Geopandas relies on an external package called mapclassify for the classification schemes. The documentation can be found here: https://pysal.org/mapclassify/api.html

It contains the full list of schemes and the function definitions for each.

Interactive via altair

Altair charts accept GeoDataFrames as data and altair includes a “geoshape” mark, so choropleths are easy to make.

Altair and projections

Altair’s support for different projections isn’t the best. The recommended strategy is to convert your data to the desired CRS (e.g., EPSG:3857 or the local state plane projection (EPSG:2272 for Philadelphia)) and then tell altair not to project your data by including the following:

chart.project(type="identity", reflectY=True)
(
    alt.Chart(requests_by_hood_3857)
    .mark_geoshape(stroke="white")
    .encode(
        tooltip=["N_per_area:Q", "ZillowName:N", "size:Q"],
        color=alt.Color("N_per_area:Q", scale=alt.Scale(scheme="viridis")),
    )
    # Important! Otherwise altair will try to re-project your data
    .project(type="identity", reflectY=True)
    .properties(width=500, height=500)
)

Interactive via hvplot

We can use the built-in .hvplot() function to plot interactive choropleth maps!

Hvplot and projections

There are two relevant keywords related to projections and coordinate reference systems. Since we are plotting geospatial data, you will need to specify the geo=True keyword. If your data is in EPSG:4326, you are all set and that’s all you need to do. If your data is NOT in EPSG:4326, you will need to specify the crs= keyword and pass the EPSG code to hvplot.

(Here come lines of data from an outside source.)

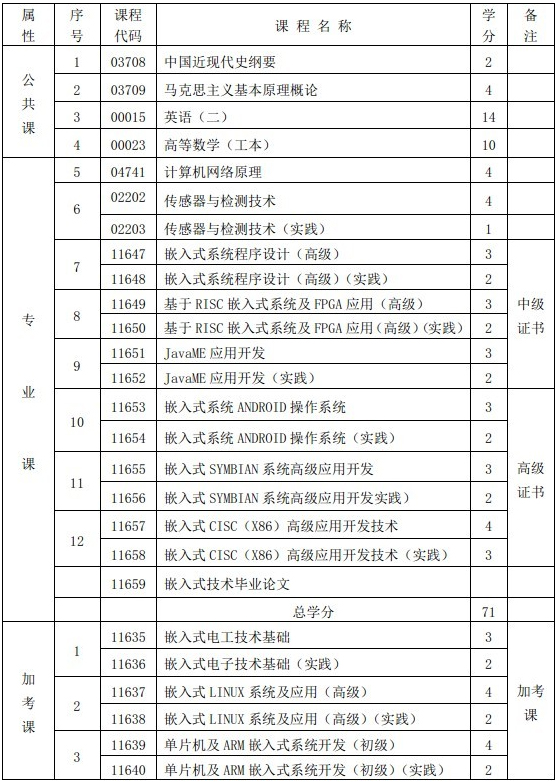 廣西2013年自考嵌入式技術專業(獨立本科段)專業計劃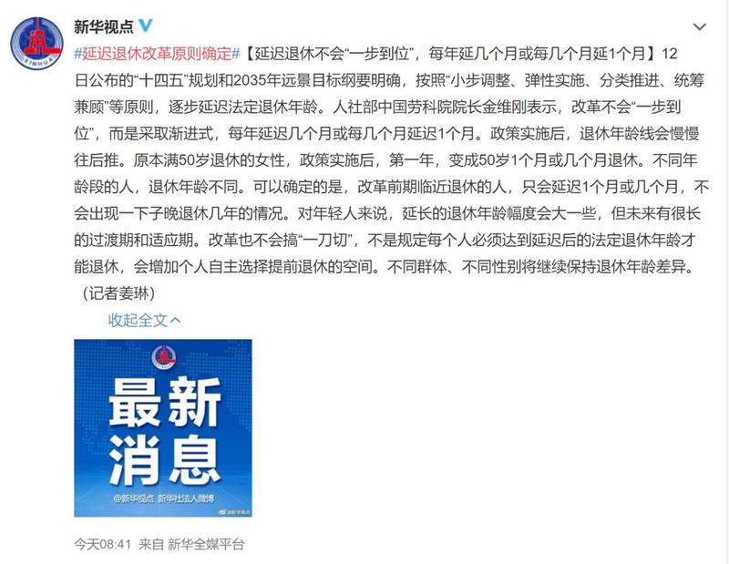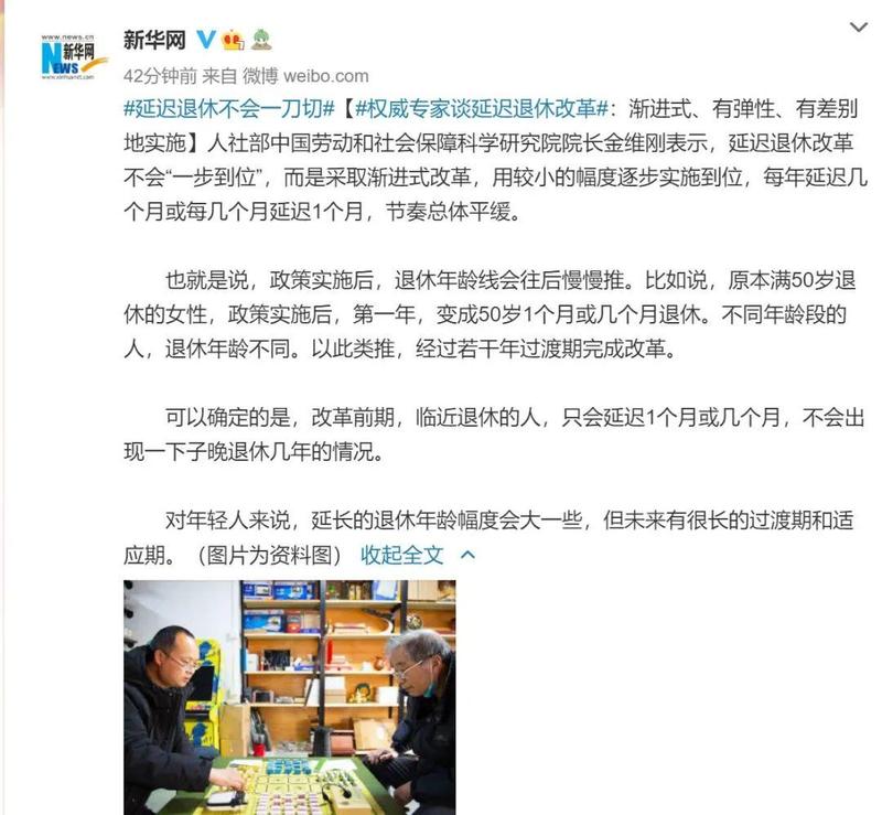 金维刚:延迟退休不是“齐步走”,而是要与现行退休政策平稳衔接。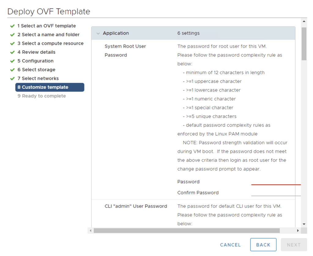 You must configure the System Root User Password and the CLI “admin” User Password. The others are optional and I just left them blank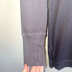 Athleta dark gray side zip sweatshirt dress. In excellent condition! Crew neckline. Thumbholes in the cuffs. Long sleeves. Straight bottom hemline. Functional zippers on both sides of the hemline. Knee-length. Unlined. Lightweight sweatshirt-y material. Dark gray color. Size small.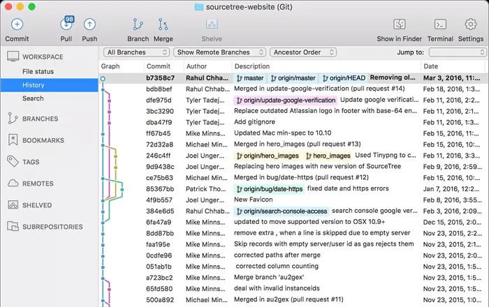 - git和SourceTree 现在开发协作管理代码基本都是使用Git,所以需要安装Git。因为git本身提供的客户端不是很方便,同时你不习惯敲命令,可以使用SourceTree,提供一个Git可视化界面。 git
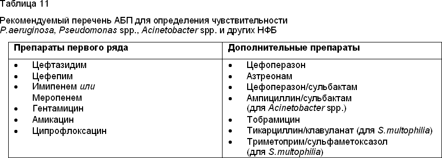Дополнительные препараты по уровню природной активности, как правило, уступают антибиотикам первого ряда, однако, во многих случаях, прежде всего по экономическим соображениям, могут быть использованы в терапии. Кроме этого, необходимо учитывать, что неферментирующие бактерии существенно различаются по уровню природной чувствительности к АБП.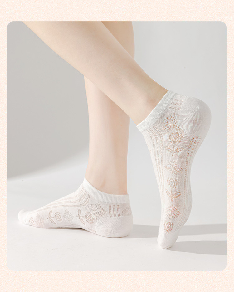 【6双装】袜子100%纯棉防臭女士夏季薄款网眼透气不掉跟船袜 491787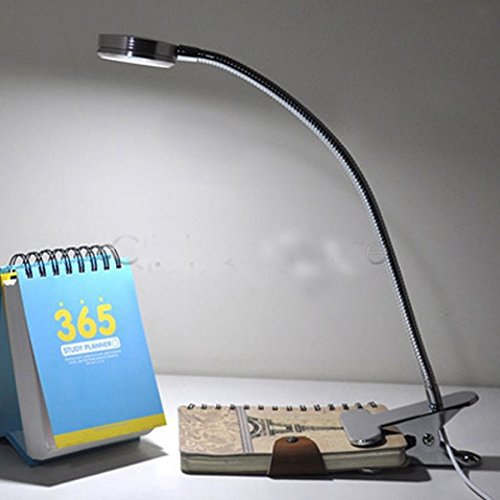 WAYCOM 3W Flexible Neck Clip-on LED Lamp Desk Lamp - Eye Care Reading Task Lamp (Silver) B00LX0NAV2

In the example below, our data is in EPSG:3857 and we specify that via the crs keyword.

requests_by_hood_3857.crs
<Projected CRS: EPSG:3857>
Name: WGS 84 / Pseudo-Mercator
Axis Info [cartesian]:
- X[east]: Easting (metre)
- Y[north]: Northing (metre)
Area of Use:
- name: World between 85.06°S and 85.06°N.
- bounds: (-180.0, -85.06, 180.0, 85.06)
Coordinate Operation:
- name: Popular Visualisation Pseudo-Mercator
- method: Popular Visualisation Pseudo Mercator
Datum: World Geodetic System 1984 ensemble
- Ellipsoid: WGS 84
- Prime Meridian: Greenwich
# Pass arguments directly to hvplot()
# and it recognizes polygons automatically
requests_by_hood_3857.hvplot(
    c="N_per_area",
    frame_width=600,
    frame_height=600,
    geo=True,
    crs=3857,
    cmap="viridis",
    hover_cols=["ZillowName"],
)

Adding in tile maps underneath with geoviews

hvplot can leverage the power of geoviews, the geographic equivalent of holoviews, to add in base tile maps underneath our choropleth map.

Let’s try it out:

import geoviews as gv
import geoviews.tile_sources as gvts
type(gvts.EsriImagery)
geoviews.element.geo.WMTS
%%opts WMTS [width=800, height=800, xaxis=None, yaxis=None]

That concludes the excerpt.